Perhaps, most importantly, my compass comes from Black and Latino colleagues who are willing to speak to truths about leading urban schools that too often are marginalized in mainstream conversations about educational policy and practice. They know what is at stake, having experienced it firsthand (personally, professionally or both). They speak to it with an immediacy to which we should all listen much more closely. The high-churn work creates room to have these conversations. This, I believe, is why Black and Latino colleagues have “leaned into” giving voice to the leadership challenges of high-churn schools, as demonstrated here and here.
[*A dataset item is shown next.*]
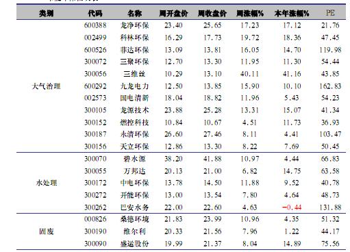 一、市场表现 沪深300 指数收于2595.44 点,单周上涨112.21 点涨幅4.52%。在雾霾天气影响中国北方多个城市的同时,环保板块受到市场的高度青睐,表现极为抢眼,是我们跟踪以来单周的最好表现之一。从细分行业来看,大气治理板块的表现最好,环境监测、水处理等子行业表现也不错, 节能、水务板块相对较弱。个股方面,三维死单周上涨40.16%,涨幅最大。科林环保、龙净环保、菲达环保、九龙电力、龙源技术、先河环保等大气治理相关个股均有10%以上涨幅。前期涨幅巨大的卧龙电气本周回调,下跌0.19%,首航节能下跌2.5%。

While working as a researcher in education reform, my sense of alienation from my roots has deepened in recent years. I feel strongly that we are not doing enough in research-practice partnerships in education to advance equity. I cannot be the only one who has thoughts such as:

What does it mean for us to be impartial and objective in a society where racism runs deep, as has become so obvious in recent years? We work on problems as if they reside “in” children, families and communities—as if the people need fixing, not the systems, institutions and policies through which we should ensure opportunities for them. Although I hear calls for educational equity from every corner, I don’t hear us taking stances that challenge accepted ways of thinking and knowing. I don’t witness us being advocates in the face of injustice. We are not to be critical of the system (note: our partnerships with the system pay the bills). We are to stick to the data and not acknowledge that it does not provide guidance on its own. Data needs to be contextualized and interpreted to be understood, and the context is complex and political. We are not to speak to social attitudes and ideas—often baked (along with our research assistance) into policy, very possibly grounded in racism and difficult to capture in graphs and charts. All these “rules” or norms encourage us to seek safety in ways of thinking and working that are narrow, technical and specialized, not to mention devoid of vision and imagination for others and ourselves.
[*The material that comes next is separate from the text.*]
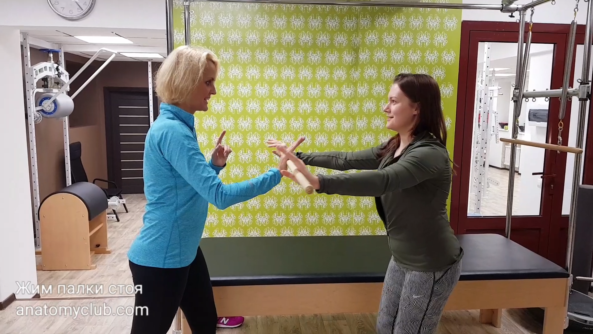 ЖИМЫ ДЕРЕВЯННОЙ ПАЛКИ СТОЯ ЭКСЦЕНТРИКА + КОНЦЕНТРИКА Клиенту важно научиться находить опору внутри себя. Тренер давит на палку, клиент уступает, затем концентрически выжимает и тренер в свою очередь уступает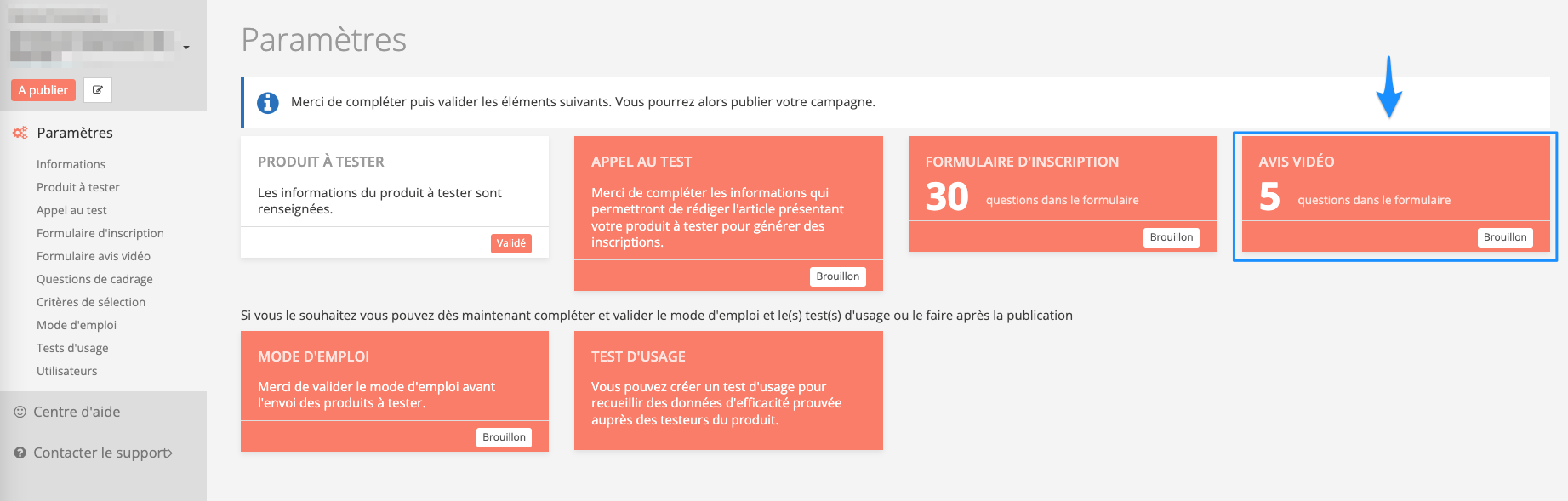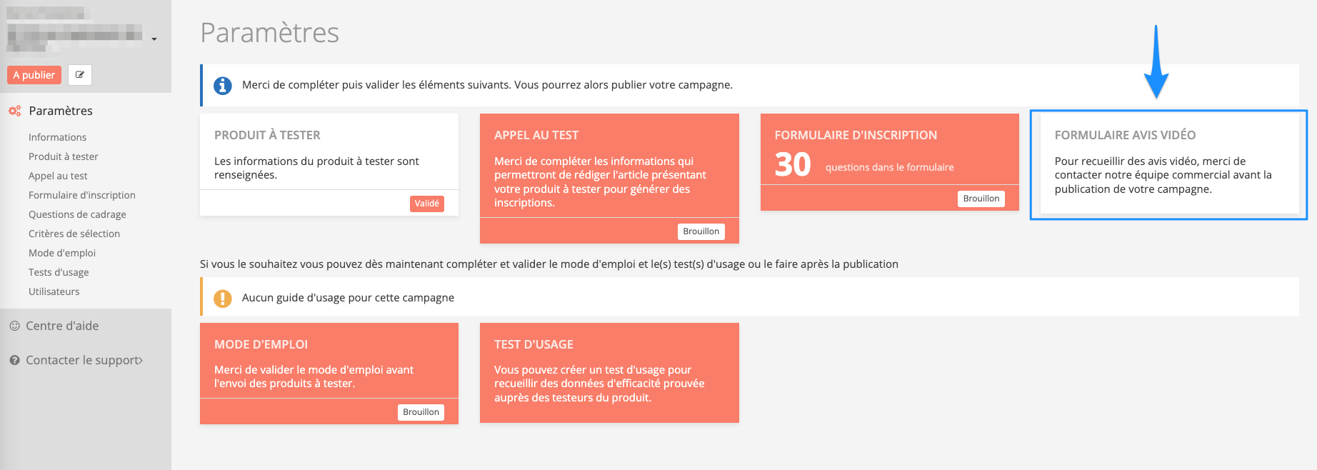 Sélectionnez la campagne où l'option des avis vidéos est activée et cliquez sur "Paramètres" dans le menu latéral à gauche puis dans "Formulaire avis vidéo".

I also cannot be the only one who feels a need to reconcile my personal journey with my professional experiences and what to prioritize in the face of my doubts. Although well into my career, I still have my idealism — and am glad to know it is not inevitable that it will fade with experience but rather becomes informed by experience.

My unfinished business is in part about all this—understanding how and why my past propels me, what I want it to mean in my future and how I can have an impact going forward. It comes from a need to feel whole again, to get back in touch with why I started on this path in adulthood. I am my father’s daughter—he once was an up-in-coming doctor on the East coast but went to Alaska to serve the Aleuts and then to New Mexico to serve the Navajo. I eschewed a traditional academic career path (did not consider it, actually) in favor of contributing to research-practice spaces intended to overcome the limitations of researchers, policymakers and practitioners working separately.

I’ve created a home in Chicago. My husband and I have a native prairie garden in our backyard and the city of Chicago, and its neighborhoods, sprawl all around. City parks/open spaces are plentiful, and each is special in its own way. Food markets with authentic ingredients for adventurous cooking —Korean/Asian, Mexican, Middle Eastern, Indian—are close by. I live in a neighborhood that reflects Chicago’s diversity and grubby economic reality. I feel comfortable here.

This Journey space is for personal reflections as I explore my unfinished business. The work and writing I—and others in this field—do can be exceedingly dry and dense. Sadly, we learn to describe ourselves in similarly dry and dense ways. It isn’t sustaining. Plants are life. And our work is for life, to nurture what’s possible. And a lot more is possible.